# [TASK DIRECTIONS]
Word for word, output the data, with none of its pictures.

# [AVAILABLE DATA]
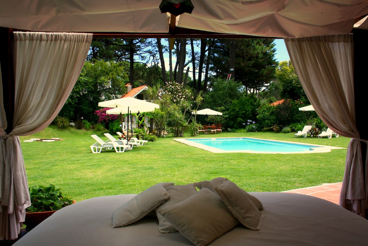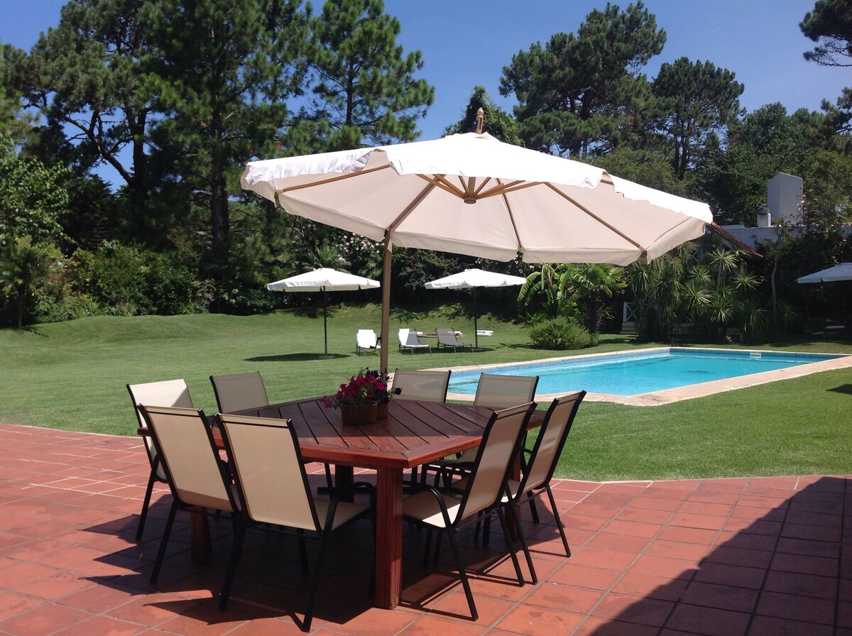 A 3 cuadras de la playa , zona cerca .de todo La casa es amplia , practica y tiene todo para unas increíbles vacaciones . Completa para 8 personas , gran parque , piscina climatizada- 2 suites más 2 dormitorios con camas individuales . Baños Impecable todo ropa de cama , toallas , reposeras. Espacios amplios disfrutando de estares y Terrazas al jardín con sillones , hamacas , todo acompañado de un encantador y cuidado entorno verde y con una hermosa piscina climatizada y reposeras. Confort
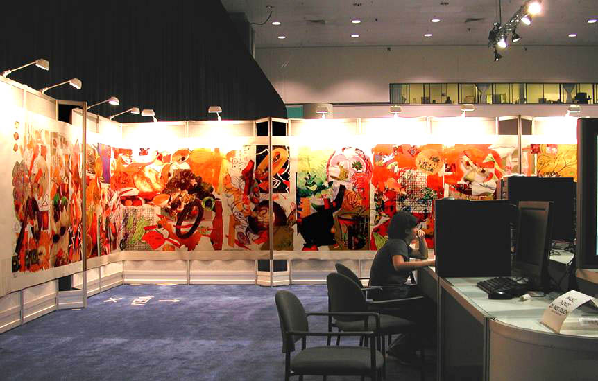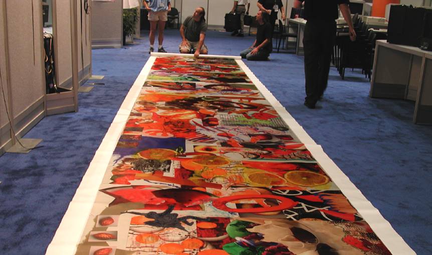 The modules were then rescanned into a computer and laid out as a single image in Adobe Photoshop 72 x 480 inches wide. Jon Cone then printed the new image out onto canvas overnight
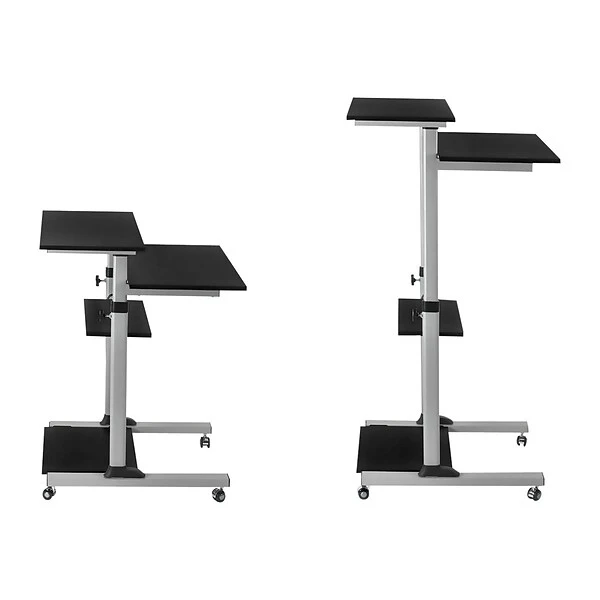 Create an ergonomic work area with this rolling stand-up desk. Tighten the two adjustment knobs by hand to move it from 37 to 54 inches when you’re ready to change position. The four platforms provide ample space for the basics and accommodate projectors for presentations, and each one holds 33 pounds for easy use with heavier equipment. Four caster wheels make this Mount it rolling desk simple to move.
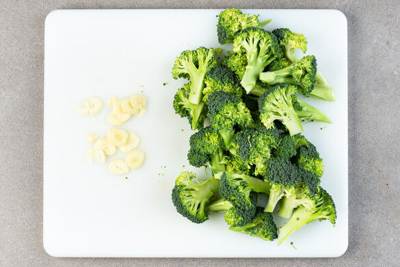 In einem großen Topf ausreichend gesalzenes Wasser für die Nudeln und den Brokkoli zum Kochen bringen. Den Knoblauch schälen und in dünne Scheibchen schneiden. Den Brokkoli in mundgerechte Röschen schneiden, den Strunk ggf. schälen und in 0,5–1cm dünne Scheiben schneiden.

# [THE COMPLETED TASK]
 A 3 cuadras de la playa , zona cerca .de todo La casa es amplia , practica y tiene todo para unas increíbles vacaciones . Completa para 8 personas , gran parque , piscina climatizada- 2 suites más 2 dormitorios con camas individuales . Baños Impecable todo ropa de cama , toallas , reposeras. Espacios amplios disfrutando de estares y Terrazas al jardín con sillones , hamacas , todo acompañado de un encantador y cuidado entorno verde y con una hermosa piscina climatizada y reposeras. Confort
 The modules were then rescanned into a computer and laid out as a single image in Adobe Photoshop 72 x 480 inches wide. Jon Cone then printed the new image out onto canvas overnight
 Create an ergonomic work area with this rolling stand-up desk. Tighten the two adjustment knobs by hand to move it from 37 to 54 inches when you’re ready to change position. The four platforms provide ample space for the basics and accommodate projectors for presentations, and each one holds 33 pounds for easy use with heavier equipment. Four caster wheels make this Mount it rolling desk simple to move.
 In einem großen Topf ausreichend gesalzenes Wasser für die Nudeln und den Brokkoli zum Kochen bringen. Den Knoblauch schälen und in dünne Scheibchen schneiden. Den Brokkoli in mundgerechte Röschen schneiden, den Strunk ggf. schälen und in 0,5–1cm dünne Scheiben schneiden.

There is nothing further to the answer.